Law Office of Josh Jacobson 

 

INDIAN LAW
JUDICIAL LAW

• Parents’ failure to raise ICWA may waive applicability. Under the Indian Child Welfare Act (ICWA), “[a] district court has an affirmative obligation to inquire into whether ICWA applies to a custody determination when it has reason to believe that the child subject to the determination is an Indian child.” The district court determined that ICWA did not apply and terminated the mother’s parental rights. The mother argued for the first time on appeal that ICWA may apply, and submitted an affidavit in support of her argument. The Minnesota Court of Appeals refused to consider mother’s argument, reasoning that the district court had “no reason to believe” that the child was an Indian child, and relying on the mother’s failure to raise her argument before the district court. In the Matter of the Welfare of the Child of M.J.H, No. A17-0918, 2017 WL 5077571 (Minn. App. Ct. 11/6/2017).

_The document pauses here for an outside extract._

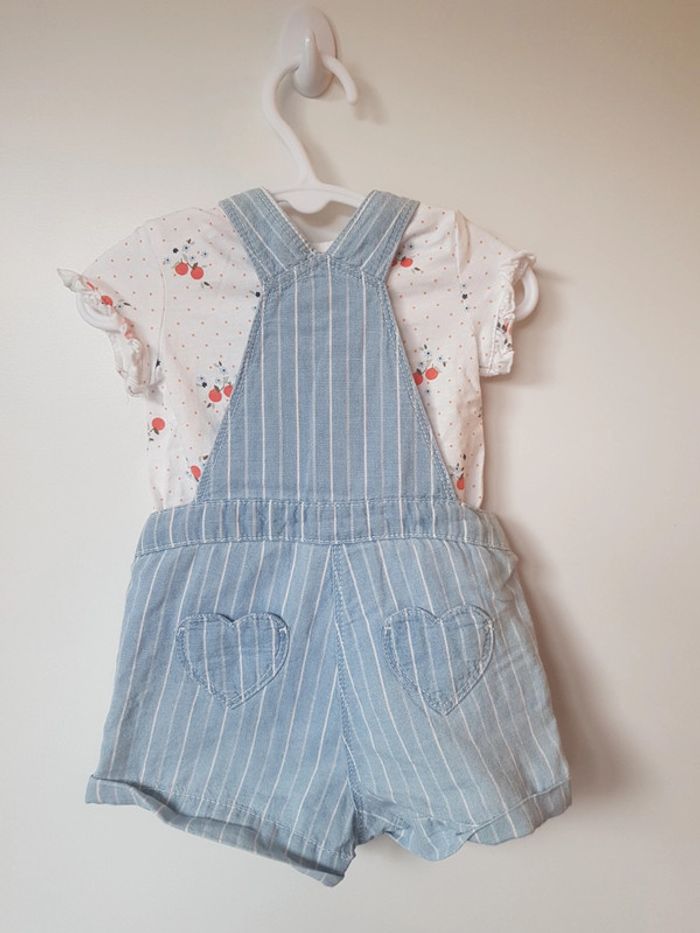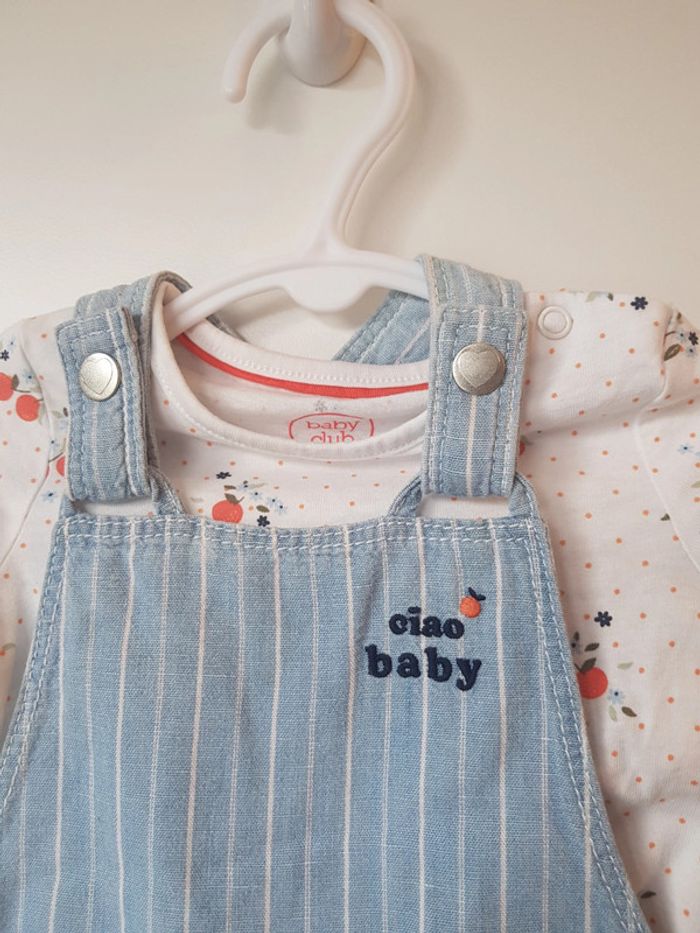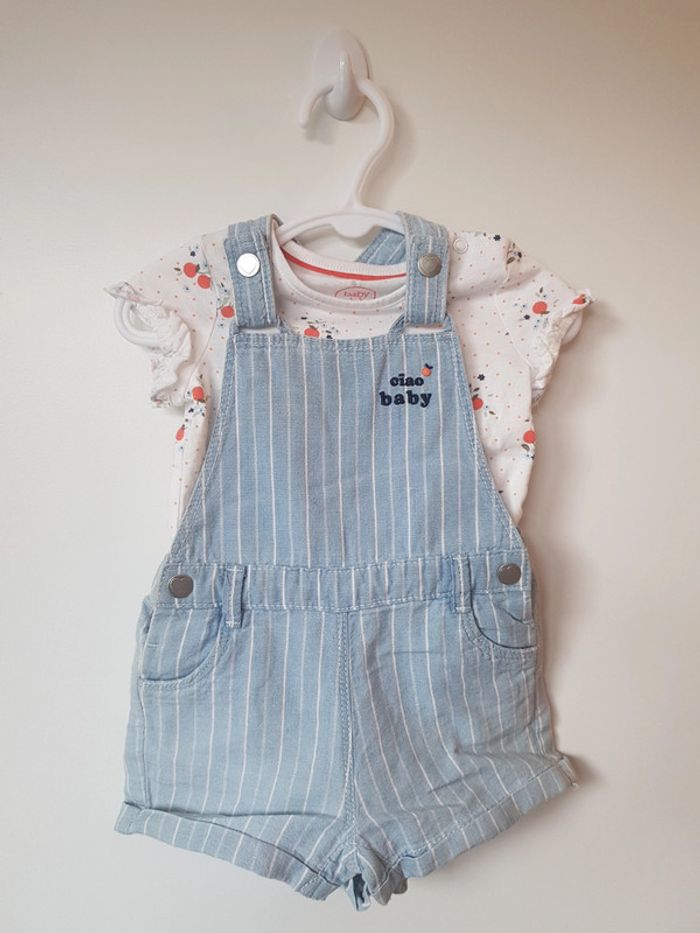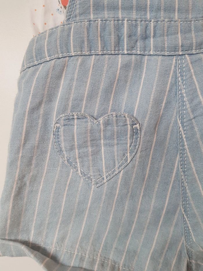 Baby Club - Salopette short en lin + tee-shirt à manches courtes (6 mois)

• United States not subject to claims for violations of federal leasing regulations for tribal lands. The American Indian Agricultural Resources Management Act authorizes the Secretary of the Interior to participate in the management of tribal agricultural lands. Plaintiff farmers entered into federally approved and issued agricultural leases with the Oglala Sioux Indian Tribe. After falling behind on lease payments, the plaintiffs worked with BIA officials, who assured them that they could continue to farm the lands. Nevertheless, after continued non-performance, the BIA terminated the leases. The plaintiffs sued the BIA for breach of contract under the leases, breach of implied-in-fact contract based on the BIA’s assurances, and takings under the 5th Amendment.

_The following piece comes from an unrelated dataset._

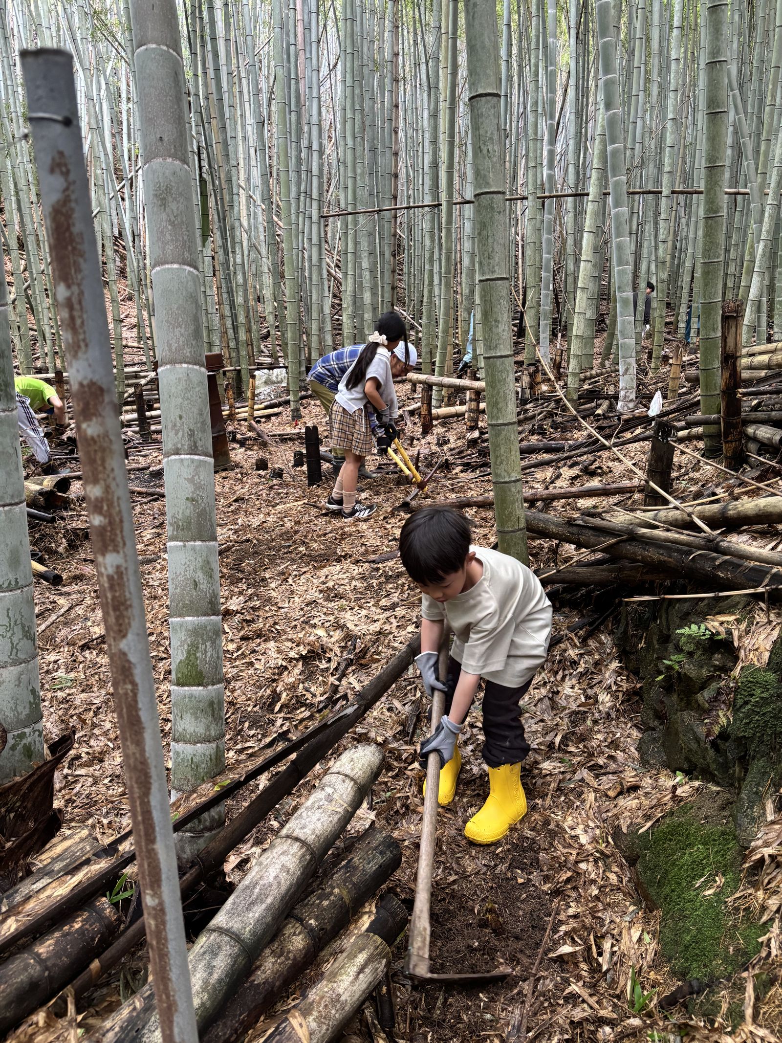 Sáng thứ bảy vừa rồi, cả nhà mình được các chú người Nhật dẫn vào rừng đào măng. Hai bạn nhỏ ban đầu cực kỳ phấn khích, nhưng sau 30′ đã đuối sức và đòi về.

The Court of Federal Claims dismissed the claims for lack of subject matter jurisdiction and failure to state a claim. With respect to the breach-of-contract claims, the court concluded that, although the United States was a party to the leases, it only acted as a fiduciary, and was not in privity with the plaintiffs. The court rejected the breach-of-implied-contract claims because it concluded that express contract blocked the formation of implied contacts. Finally, because it reasoned that takings claims must stem from lawful takings, the court rejected the plaintiff’s claims because they stemmed from alleged unlawful takings. Moody v. United States, ___ Fed. Cl. ___ (2017).

Jessica Intermill 

Hogen Adams PLLC

Peter J. Rademacher

Hogen Adams PLLC

 

INTELLECTUAL PROPERTY
JUDICIAL LAW

• Patents: Dismissing equitable defenses. Judge Tunheim recently granted summary judgment dismissing defendant Arctic Cat’s equitable defenses. Bombardier Recreational Products sued Arctic Cat alleging infringement of its patents directed to snowmobile designs. In response, Arctic Cat pled the affirmative defenses of equitable estoppel, laches, waiver, and unclean hands. In its final pre-trial order, the court required Arctic Cat to submit a proffer showing that it could present evidence at trial to support its equitable defenses. To prove equitable estoppel, Arctic Cat was required to show misleading conduct, reliance on that conduct, and material prejudice. As evidence, Arctic Cat pointed to a 2003 letter from Bombardier notifying Arctic Cat of its pending applications. Pre-issuance activity, however, cannot give rise to equitable estoppel. In dismissing the defense, the court found Arctic Cat could not present any evidence that it had changed its position in reliance on Bombardier’s delay. Dismissing the laches defense, the court relied on the recent Supreme Court decision in SCA Hygiene Prods. Aktiebolag v. First Quality Baby Prods., LLC, 137 S. Ct. 954 (2017), which held that laches was not a defense to damages for patent infringement because Congress had included a statute of limitations in the Patent Act. The court, however, would revisit the laches defense if Bombardier prevailed at trial and sought a permanent injunction. The court dismissed the waiver defense, noting Bombardier was barred from seeking damages for post-model-year 2013 snowmobiles. Finally, the court dismissed the unclean hands defense finding no circumstances that “shock the moral sensibilities of the judge” or are “offensive to the dictates of natural justice.” Bombardier Rec. Prods. v. Arctic Cat Inc., No. 12-2706 (JRT/LIB), 2017 U.S. Dist. LEXIS 191520 (D. Minn. 11/20/2017).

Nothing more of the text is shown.